While pleased with the President's promise to meet with them in the final year of his first term, city leaders were cautions about whether they could influence domestic policy.

Mayor Sidney Barthelemy of New Orleans, the departing president of the National League of Cities, criticized the President as spending too much time on foreign problems. He said the 1992 elections should focus attention on domestic needs, including those of cities.

"My hope is that we can get the President and the Congress to begin to address the problems affecting our cities and towns," he told reporters. "We at least feel the meeting we can get in the future will be productive."

The message he expects cities to deliver: The federal government should invest in infrastructure and give federal dollars directly to cities.

"He doesn't understand that when they send all that money to the states, it's not getting to the local level," he said.

Mr. Barthelemy said city officials will continue to push in Congress for a local partnership act that would make money directly available to cities. However, he denied such a program would resurrect federal revenue sharing phased out nearly a decade ago.

The old program gave federal monies to every city, he said, while the draft plan would provide funding to cities with actual needs such as drugs or the homeless.

During the exchange with the President, an Atlanta official urged that federal crime and anti-drug program funds be sent directly to cities and towns -- and not given to the states in the form of block grants.

But Mr.

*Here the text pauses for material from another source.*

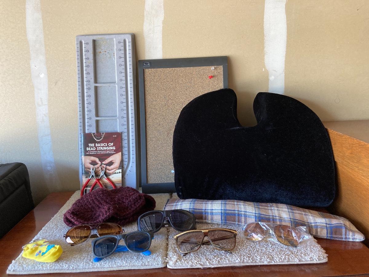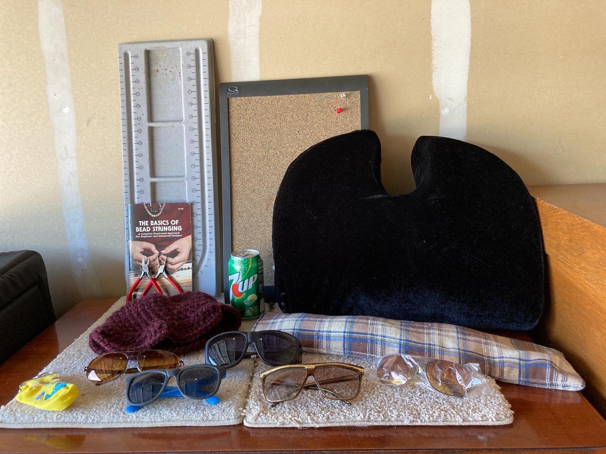 #450 Beading Board and Book, Cushion, Sunglasses, Etc

Bush bristled at a suggestion that his administration was not doing enough, saying that anti-crime funding rose 80% during his first term to $11.7 billion a year. Of that, he said, $3 billion goes to state and local governments.

Mayor William Hudnut of Indianapolis, a Republican, told the President. "We believe in the idea of direct assistance to cities." He also urged President Bush to meet with local officials to hear their concerns, a challenge he accepted.

In a speech, Mr. Barthelemy criticized the government as neglecting local issues and challenged the President to spend more time on problems at home.

"There is more concern in Washington for a Russian agenda than for a domestic agenda," he said, adding later, "When our cities and towns are stronger, our nation will be strong forever."

In his remarks, Mr. Bush made it clear that his administration would not focus on local problems at the expense of foreign affairs. "I'm not going to forsake those responsibilities, but I am going to do what is necessary to stay in touch with you," he said.